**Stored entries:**

/---

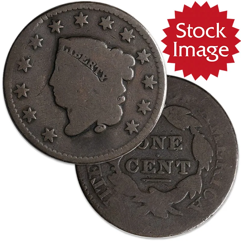 Discover the historical significance of the 1827 Large Cent, a captivating addition to any numismatic collection. Struck in copper and classified as a Good (G) quality coin, this penny represents a pivotal era in American history. The Large Cent, first minted in 1793, was produced annually until 1857, with the exception of 1815 due to the impact of the War of 1812. The conflict led to a wartime embargo that affected copper shipments from Great Britain, preventing the mint from obtaining new planchets necessary for coin production. This particular 1827 coin showcases the resilience of the U.S. Mint during challenging times and is an essential piece for collectors interested in early American currency.
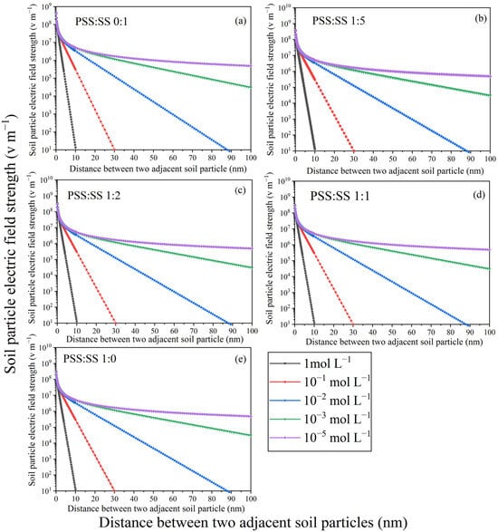 The electric field distribution curves around soil particles under different electrolyte concentrations can be further obtained based on the surface potential values and Equations (6)–(8). As shown in Figure 2, the electric field intensity decreased with the increase in the distance between particles. Similarly, the increase in electrolyte concentration also led to the reduction of the electric field intensity around soil particles, and the variation range of the surface electric field was sharply reduced. For example, the electric field action distance was only within 10 nm when the electrolyte concentration was 1 mol L−1; however, with the dilution of the electrolyte concentration to 10−5 mol L−1, the range of the electric field intensity increased rapidly, reaching more than 100 nm.
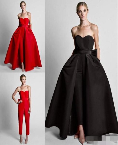 fashion red detachable train evening prom dresses jumpsuits bows sweetheart simple satin pants suits whole zuhair murad5548828, Black;red
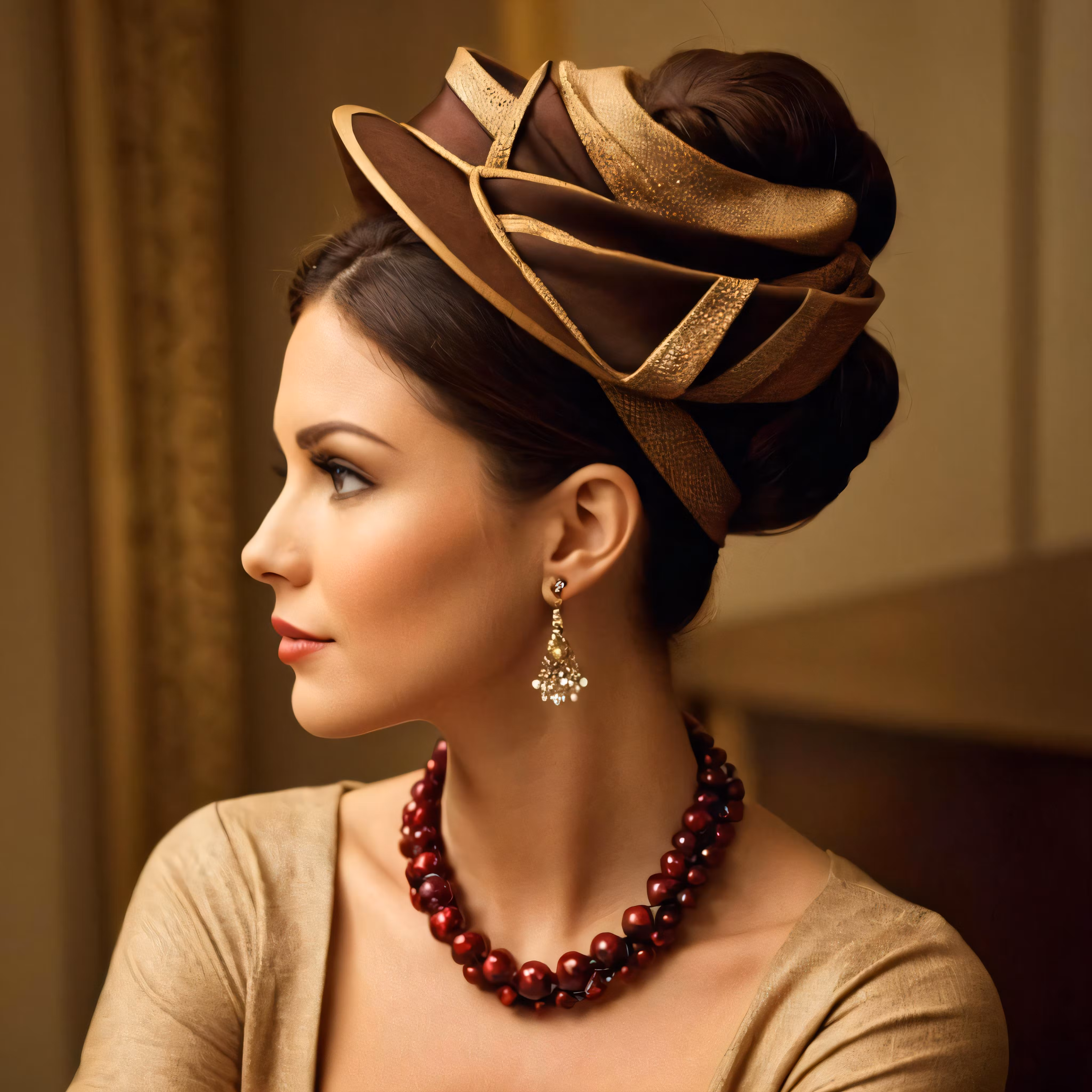 High resolution picture, free to use, a woman in brown clothes and a necklace
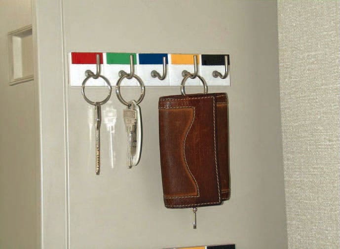 ●全長…165mm●耐荷重…1.5kg●材質…本体:アクリル樹脂色板:塩ビ金具:真鍮●5連組●切り離して使えます。●のり付
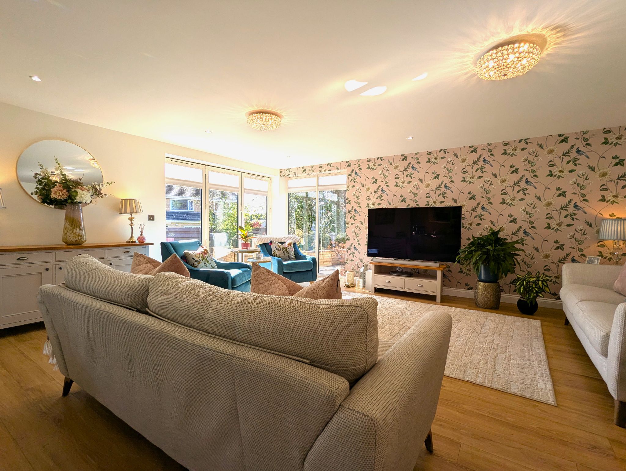 Snug 20’1 x 16’ (6.13m x 4.89m) The same laminate flooring continues through from the hall to this amazingly spacious snug area which has an open plan aspect with the kitchen/diner. With a wall-to-ceiling corner UPVC double glazed window alongside a rear-facing UPVC bi-folding door looking out onto the rear garden. 2 enclosed wall mounted radiators.

\---

**What is required:**
Word for word, restate the records shown above, minus the pictures.

**Response for this exercise:**
 Discover the historical significance of the 1827 Large Cent, a captivating addition to any numismatic collection. Struck in copper and classified as a Good (G) quality coin, this penny represents a pivotal era in American history. The Large Cent, first minted in 1793, was produced annually until 1857, with the exception of 1815 due to the impact of the War of 1812. The conflict led to a wartime embargo that affected copper shipments from Great Britain, preventing the mint from obtaining new planchets necessary for coin production. This particular 1827 coin showcases the resilience of the U.S. Mint during challenging times and is an essential piece for collectors interested in early American currency.
 The electric field distribution curves around soil particles under different electrolyte concentrations can be further obtained based on the surface potential values and Equations (6)–(8). As shown in Figure 2, the electric field intensity decreased with the increase in the distance between particles. Similarly, the increase in electrolyte concentration also led to the reduction of the electric field intensity around soil particles, and the variation range of the surface electric field was sharply reduced. For example, the electric field action distance was only within 10 nm when the electrolyte concentration was 1 mol L−1; however, with the dilution of the electrolyte concentration to 10−5 mol L−1, the range of the electric field intensity increased rapidly, reaching more than 100 nm.
 fashion red detachable train evening prom dresses jumpsuits bows sweetheart simple satin pants suits whole zuhair murad5548828, Black;red
 High resolution picture, free to use, a woman in brown clothes and a necklace
 ●全長…165mm●耐荷重…1.5kg●材質…本体:アクリル樹脂色板:塩ビ金具:真鍮●5連組●切り離して使えます。●のり付
 Snug 20’1 x 16’ (6.13m x 4.89m) The same laminate flooring continues through from the hall to this amazingly spacious snug area which has an open plan aspect with the kitchen/diner. With a wall-to-ceiling corner UPVC double glazed window alongside a rear-facing UPVC bi-folding door looking out onto the rear garden. 2 enclosed wall mounted radiators.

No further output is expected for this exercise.